[DATA RECORDS — start]

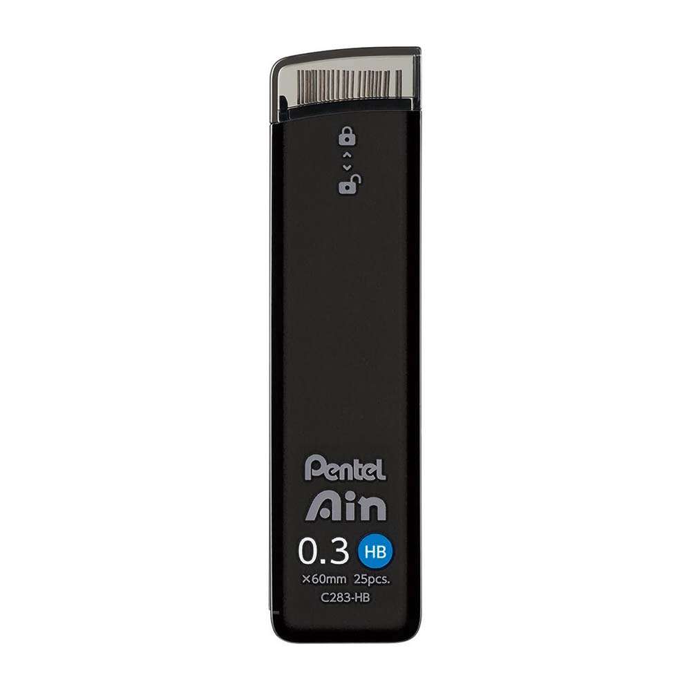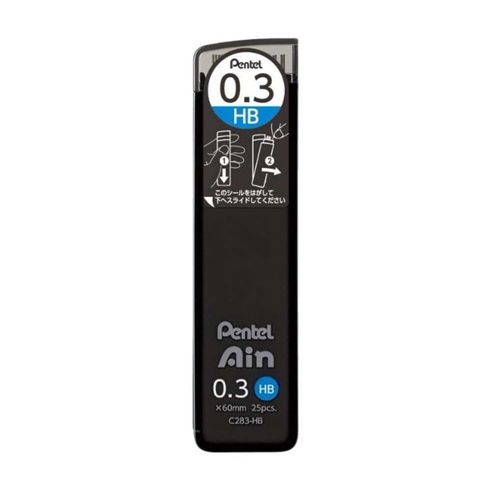 For micro-writing on tight grids, Ain-C28 0.3 mm HB (model PE-C283-HBO-1) writes smoothly and erases cleanly. The slim dispenser makes refilling quick for technical notes, planners, and tidy exam work.
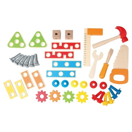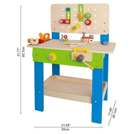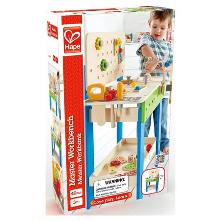 HAPE MASTER WORKBENCH - 35 PIECES - Little builders with big ideas can work right at this professional-looking station. Shelves and storage keep all their tools and supplies within easy reach. Mini mechanics can use their imagination as they role-play different jobs and act out scenarios, like building or fixing things. When children use the tools, maneuver the pieces, and engage in building activities, they’ll improve their dexterity and fine-tune finger movements. As junior builders get bigger, the height of the workbench’s legs can be adjusted to accommodate your child as they grow. This workbench and its accessories are made with wood from FSC-managed forests, and the included shelves allow for easy storage of tools and parts. Product height 31.77 Inches and Product Weight 11 lbs.
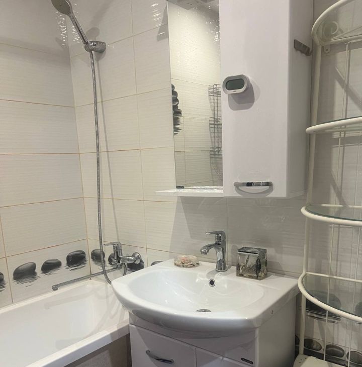 В квартире выполнен косметический ремонт, что придаёт ей свежий и аккуратный вид. Здесь есть вся необходимая техника для комфортного проживания: кондиционер, холодильник, посудомоечная и стиральная машины, телевизор. На кухне и в комнате имеется мебель, поэтому можно сразу заселяться, не беспокоясь о дополнительных покупках. Санузел оборудован ванной, а окна выходят на улицу, что обеспечивает хорошую освещённость. Также в квартире есть балкон, где можно наслаждаться видом на окрестности.
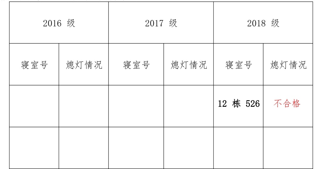 为改正各种不良现象和陋习,增强宿舍学习氛围,营造温馨家园氛围,伟德victor1946官网登录员工会生活部对三个年级所有寝室进行熄灯检查。 本次熄灯情况通报不合格寝室 1 间,具体情况如下:
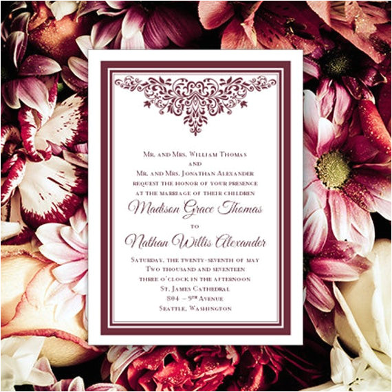burgundy wedding invitation template marsala wedding from Wedding Invitation Template Burgundy
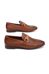 These brown loafers feature a finely woven leather upper accented with a golden buckle on the toe. It offers a blend of classic charm and contemporary detail.
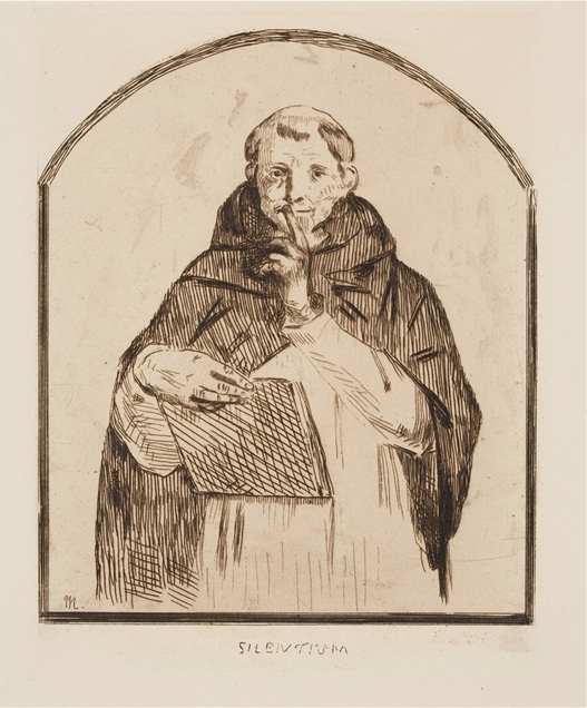 Great poets are great poets because they have reached heights of spiritual understanding inaccessible to the crowd. The starting-point depends on the individual; some are born prophetic, others somewhere along the way. Those who begin at the bottom, so to speak, are the vast majority of adepts – like you or me, perhaps - but even they represent a tiny percentage of mankind. The rest (99.99%) never even imagine that material reality might be an illusion and that truth must be sought inside. What many of the paths have in common, though, is a warning from one master or another that knowledge of the paths are dangerous to those unequipped and unprepared to hear them. The teachings include within the Christian tradition, for instance, the dawning realization that you can become Christ, that Christ is you. Clearly this is so at odds with church-going Christianity that knowledge of it can be extremely dangerous. The Church fathers and the saints knew that; most priests today probably do not. In the wrong ears, say a young Adolph Hitler’s, the results could be calamitous. Edouard Manet was so aware of this that he etched Fra Angelico’s warning to the monks of the monastery of San Marco, Silentium (above). The message is both silence and secrecy.
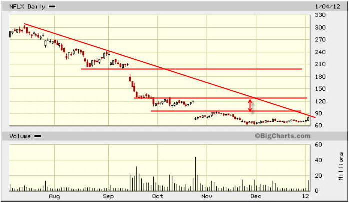 ========================================================================================================== 1/16/12 - The price action last week remained UNDER the $100 mark. This shows there are NO institutional investors ready to "buck up" and buy into the latest rally...hmmm...could that be a big fat STOP SIGN? Looking at the charts we have to discern the next possible move in order to get positioned for a nice profit opportunity. The target price ranges will be $125 on good news and $50 on bad.
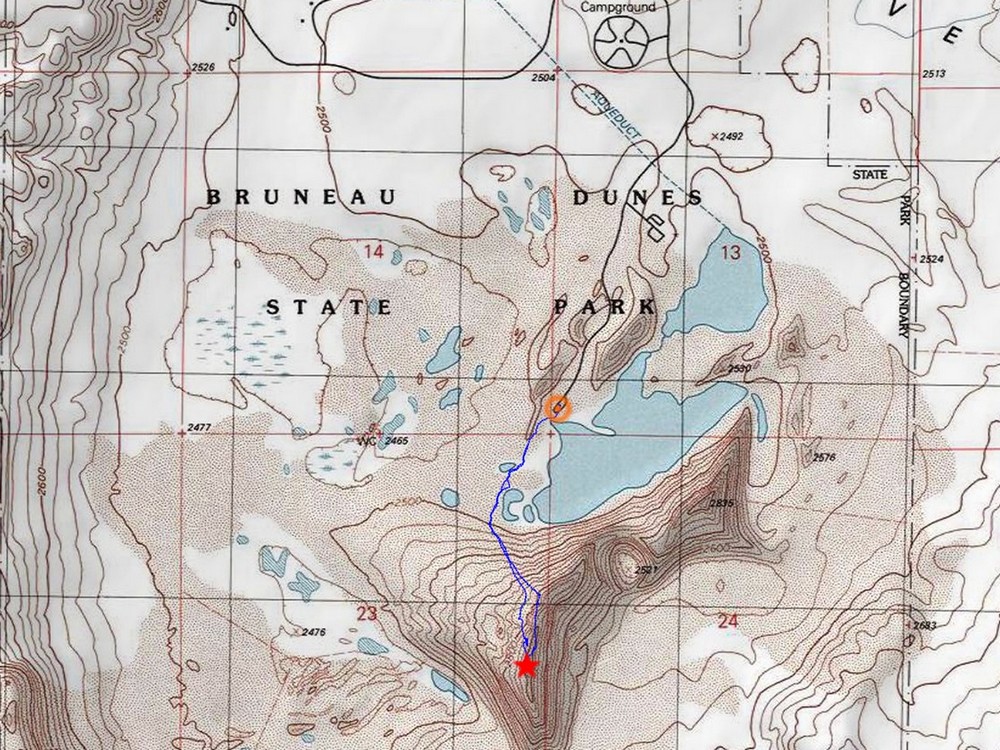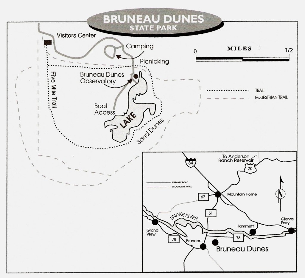 During the summer of 2021, I visited the Bruneau Dunes State Park. Bruneau Dunes State Park is located about 29 km south of Mountain Home. From the intersection of state road 51 and state road 78, just south of the Snake River, drive east on SR 78 for 2.7 km and turn south on the Bruneau Dunes State Park Road.

[DATA RECORDS — finish]

PROBLEM DETAILS. Images stay out, but the rest of the records must be retyped exactly.

YOUR SOLUTION.
 For micro-writing on tight grids, Ain-C28 0.3 mm HB (model PE-C283-HBO-1) writes smoothly and erases cleanly. The slim dispenser makes refilling quick for technical notes, planners, and tidy exam work.
 HAPE MASTER WORKBENCH - 35 PIECES - Little builders with big ideas can work right at this professional-looking station. Shelves and storage keep all their tools and supplies within easy reach. Mini mechanics can use their imagination as they role-play different jobs and act out scenarios, like building or fixing things. When children use the tools, maneuver the pieces, and engage in building activities, they’ll improve their dexterity and fine-tune finger movements. As junior builders get bigger, the height of the workbench’s legs can be adjusted to accommodate your child as they grow. This workbench and its accessories are made with wood from FSC-managed forests, and the included shelves allow for easy storage of tools and parts. Product height 31.77 Inches and Product Weight 11 lbs.
 В квартире выполнен косметический ремонт, что придаёт ей свежий и аккуратный вид. Здесь есть вся необходимая техника для комфортного проживания: кондиционер, холодильник, посудомоечная и стиральная машины, телевизор. На кухне и в комнате имеется мебель, поэтому можно сразу заселяться, не беспокоясь о дополнительных покупках. Санузел оборудован ванной, а окна выходят на улицу, что обеспечивает хорошую освещённость. Также в квартире есть балкон, где можно наслаждаться видом на окрестности.
 为改正各种不良现象和陋习,增强宿舍学习氛围,营造温馨家园氛围,伟德victor1946官网登录员工会生活部对三个年级所有寝室进行熄灯检查。 本次熄灯情况通报不合格寝室 1 间,具体情况如下:
burgundy wedding invitation template marsala wedding from Wedding Invitation Template Burgundy
 These brown loafers feature a finely woven leather upper accented with a golden buckle on the toe. It offers a blend of classic charm and contemporary detail.
 Great poets are great poets because they have reached heights of spiritual understanding inaccessible to the crowd. The starting-point depends on the individual; some are born prophetic, others somewhere along the way. Those who begin at the bottom, so to speak, are the vast majority of adepts – like you or me, perhaps - but even they represent a tiny percentage of mankind. The rest (99.99%) never even imagine that material reality might be an illusion and that truth must be sought inside. What many of the paths have in common, though, is a warning from one master or another that knowledge of the paths are dangerous to those unequipped and unprepared to hear them. The teachings include within the Christian tradition, for instance, the dawning realization that you can become Christ, that Christ is you. Clearly this is so at odds with church-going Christianity that knowledge of it can be extremely dangerous. The Church fathers and the saints knew that; most priests today probably do not. In the wrong ears, say a young Adolph Hitler’s, the results could be calamitous. Edouard Manet was so aware of this that he etched Fra Angelico’s warning to the monks of the monastery of San Marco, Silentium (above). The message is both silence and secrecy.
 ========================================================================================================== 1/16/12 - The price action last week remained UNDER the $100 mark. This shows there are NO institutional investors ready to "buck up" and buy into the latest rally...hmmm...could that be a big fat STOP SIGN? Looking at the charts we have to discern the next possible move in order to get positioned for a nice profit opportunity. The target price ranges will be $125 on good news and $50 on bad.
 During the summer of 2021, I visited the Bruneau Dunes State Park. Bruneau Dunes State Park is located about 29 km south of Mountain Home. From the intersection of state road 51 and state road 78, just south of the Snake River, drive east on SR 78 for 2.7 km and turn south on the Bruneau Dunes State Park Road.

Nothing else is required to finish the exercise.